Depuis longtemps, dans le cadre du processus de Genève, l'on entend parler d'un nouveau projet de constitution pour la Syrie, avec Assad, sans Assad, fait par l'opposition ou avec son accord. Les discussions, pour le moins prématurées sur le sujet, ont commencé alors que les armes étaient encore brûlantes, que Daesh tenait une grande partie du pays. A ce moment-là, si une Constitution avait pu voir le jour, elle aurait été particulièrement dangereuse pour le pays. En l'absence d'un quelconque consensus politique intérieur, la constitution n'est qu'un instrument de pression politique de la communauté internationale en faveur d'une partie des forces en jeu. Ici, elle aurait même pu entraîner la reconnaissance de facto de Daesh. Peut-être, d'ailleurs, n'était-ce pas si innocent que cela ...

Mais ce processus a échoué et même aujourd'hui, dans le cadre des négociations de Genève, aucun accord n'a été obtenu, en date de la dernière réunion du 2 décembre.

Pour sa part, la Russie a annoncé qu'aucune date butoir n'était prévue ni pour la réunion de ce Congrès du dialogue syrien, ni quant à l'élaboration d'une nouvelle constitution. Comment élaborer une constitution sans reconnaissance des forces politiques du pays, sans même accord de la population?

Tout acte constituant, traditionnellement, pour être stable et légitime, doit être précédé de ce que la doctrine constitutionnelle appelle un acte préconstituant, qui justifie l'engagement du processus. Il peut s'agir, notamment, d'un référendum par lequel le peuple demande qu'une nouvelle constitution soit élaborée car le texte en vigueur ne tient plus compte de la nouvelle réalité politique installée.

Or, que se passe-t-il ces dernières années?

Les actes préconstituants, ceux qui vont fonder le nouveau processus constituant, n'émanent en général pas du pays lui-même, mais de la communauté internationale. Par exemple, sans même parler des constitutions des années 90, les accords de Minsk exigent une modification de la Constitution ukrainienne.

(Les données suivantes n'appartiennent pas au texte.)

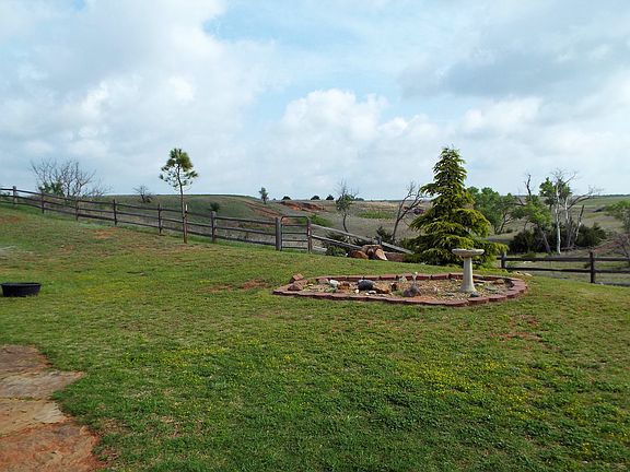 Country Living here it is..This home was built in 2008 and sits on 56.07 acres with a gorgeous view on every side. This home has a great open floor plan with 3 bedrooms and 2 full bathroom, new wood flooring and carpet in the bedrooms. Gorgeous kitchen with a nice large island with storage, dining room, walk around porch on the front, storm shelter, 2 barns, loafing shed and storage shed, windmill, water well. Out of city limits but real close to town. This is a must see..

Cela a-t-il pu régler la moindre question politique intérieure? Cela a-t-il conduit à une quelconque réflexion constructive sur la question? Non. Un acte préconstituant, c'est-à-dire un acte juridique traduisant la volonté d'un changement constitutionnel ne peut émaner que des forces politiques nationales, être l'expression de la volonté populaire pour être efficace. Sinon, il ne s'agit que d'un instrument politique, voire géopolitique, dont la précision laisse souvent à désirer.

Depuis la chute de l'Union soviétique, les processus constitutionnels sont surveillés par la communauté internationale, quand les textes ne sont pas fournis clés en main. Prêt pour la consommation. Et parfois difficilement dégirés par le peuple, les traditions politiques nationales, les forces politiques en jeu. De ce fait, les "nouvelles" constitutions ont plus été des instruments de modification des Etats et des sociétés qu'il a fallu "démocratiser", que le résultat d'un processus politique intérieur. En étant le point de départ et non l'aboutissement, la constitution n'est plus un acte reforçant l'Etat, mais l'affaiblissant en renforçant le contrôle extérieur: comment les dispositions seront appliquées, comment les lois adoptées seront conformes aux nouvelles règles, etc. 

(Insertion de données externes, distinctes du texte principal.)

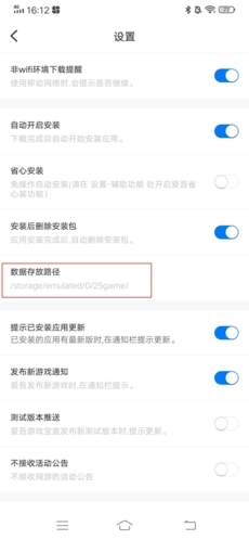 在设置页面就能找到数据存放的路径,就像图中显示的那样,页面下方呈现的就是存储路径。

Par ailleurs, très souvent, ces constitutions "importées" apparaissent dans des périodes de troubles politiques, lorsque les turbulences internes ne sont pas encore apaisées et les nouvelles forces politiques installées fermement. Le nouveau texte, cautionné par la communauté internationale, a alors valeur de soutien apporté à un nouveau pouvoir. Il permet d'influencer le processus politique intérieur en donnant artificiellement, indépendamment de sa représentation populaire réelle, la prééminence à un mouvement politique.

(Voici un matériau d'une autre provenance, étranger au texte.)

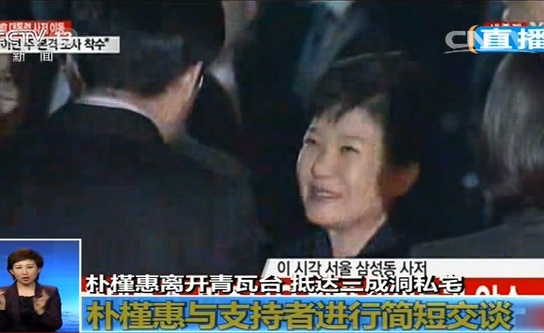 韩国前总统朴槿惠于当地时间18时56分(北京时间17时56分)在摩托车队的保护下离开青瓦台总统府,并于30分钟后抵达位于首尔南部三成洞的私邸。

Peut-être la Syrie aura-t-elle la chance d'échapper à cela. Car la voie de construction nationale, la voie étatique, la voie de la stabilité est tout autre.

1 commentaire:

  1. A mon simple avis, pour faire ou refaire une constitution, il faut un calme total, la récupération de tout le territoire syrien, la reconstruction des villes ravagées et le retour de tous les réfugiés syriens.Il ont aussi droit à la parole.
    Merci pour cet article très intéressant, très clair.